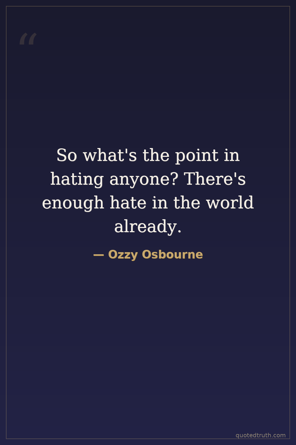 So what's the point in hating anyone? There's enough hate in the world already.
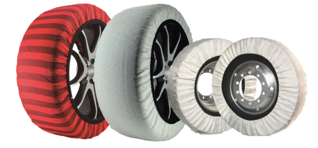 わずか6サイズで、軽自動車で使われる幅の狭いタイヤからSUVの大口径タイヤまで、市販されているほぼ全てのタイヤで装着可能。また大型車両用に対応する唯一の布製タイヤチェーンでもあります(大型車両用のサイズ展開は14サイズ)。
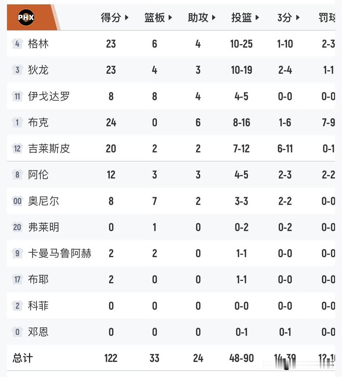 太阳今天打的还算努力吧,首发五人中,四人拿到了20+,格林23分,狄龙23分,布克24分,吉莱斯皮20分,但是布克和格林的三分合计16中2,很拉垮。
# # #
**PROBLEM REQUIREMENTS**
Copy all of the data word for word, and keep the pictures out of it.

**ANSWER**
 So what's the point in hating anyone? There's enough hate in the world already.
 わずか6サイズで、軽自動車で使われる幅の狭いタイヤからSUVの大口径タイヤまで、市販されているほぼ全てのタイヤで装着可能。また大型車両用に対応する唯一の布製タイヤチェーンでもあります(大型車両用のサイズ展開は14サイズ)。
 太阳今天打的还算努力吧,首发五人中,四人拿到了20+,格林23分,狄龙23分,布克24分,吉莱斯皮20分,但是布克和格林的三分合计16中2,很拉垮。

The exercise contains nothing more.